Природная смелость и сила писаревского ума, помноженные на неограниченную, фаталистическую веру в разум, заставляли его постоянно поверять крепость не только чужих, но и своих взглядов. Если брать статьи Писарева вне контекста его внутреннего развития, обнаружатся такие противоречия в его воззрениях, противоречия не только с самим собой, но и с нашими привычными представлениями о революционно-демократической идеологии- той эпохи, ни понять, ни объяснить которые невозможно.

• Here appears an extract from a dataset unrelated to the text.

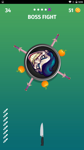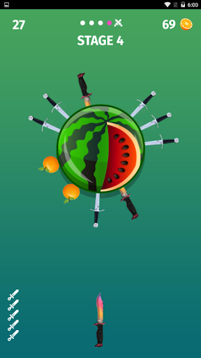 Throw knives into tree trunks to break them and hit the fruit. Cut the objects and unlock new knives. After every 5th stage there is a boss to protect the challenge - beat them to get special knives!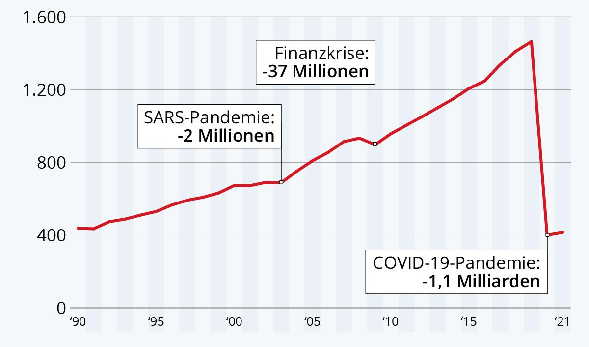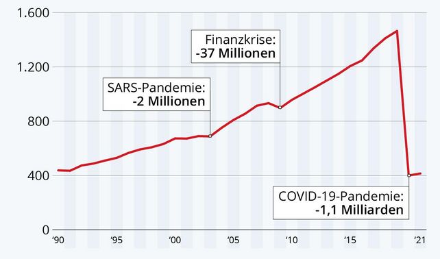 Vor Covid-19 eilte der internationale Tourismus von Rekord zu Rekord - lediglich die erste SARS-Pandemie (2003, -0,4 Prozent)) und die Finanzkrise (2009, -4 Prozent) schafften es kleine Dellen im Aufwärtstrend zu hinterlassen. Reisten zur Jahrtausendwende 674 Millionen Menschen um den Globus, waren es 2019 rund 1,5 Milliarden.

Писарев, как, может быть, никто другой из шестидесятников, требует в подходе к себе вдумчивого и точного историзма, той диалектики, которая не просто учитывала бы стремительность его внутренних превращений, но и связывала их со столь же бурным изменением действительности 60-х годов. Только в этом случае будет постигнута «тайна» Писарева, которая до сих пор заставляет историков литературы и социологии спорить о нем. Мы до сих пор как бы не можем простить Писареву (только ли Писареву?) его яркой индивидуальности, резкого своеобразия и то старательно «причесываем» его «под» Чернышевского, то отлучаем его от революционной демократии вообще.

Не так давно А. Лебедев в статье «Судьба великого наследия» («Новый мир», 1967, N 12) справедливо писал о том, что в историко-литературной науке все еще живут порой «тени», подменяющие реальные, живые характеры тех или иных революционно-демократических деятелей. К сожалению, под влиянием подобного «мифотворчества» во власти «теней» оказался в какой-то степени и сам Лебедев. Потому что одним из распространеннейших мифов в отношении русской революционной демократии является этакий «элитный» взгляд на революционных демократов, антиисторическое представление об этом драматичнейшем, противоречивом социальном движении как некоем «рыцарском ордене», достойном объединять в своих рядах только «избранных». Существуют и нормативы, по которым те или иные исторические деятели «зачисляются» в рыцарский орден, именуемый русской революционной демократией: система взглядов Чернышевского, Добролюбова и, с некоторых пор, с большими «допусками», Герцена. Что укладывается в это прокрустово ложе, то истинно, все остальное – от лукавого.

Мы еще до сих пор никак не можем избавиться от искуса не столько исследовать наших предшественников, сколько вершить над ними суд, и судить их не тем временем, в котором и ради которого они жили, но современными представлениями о нем.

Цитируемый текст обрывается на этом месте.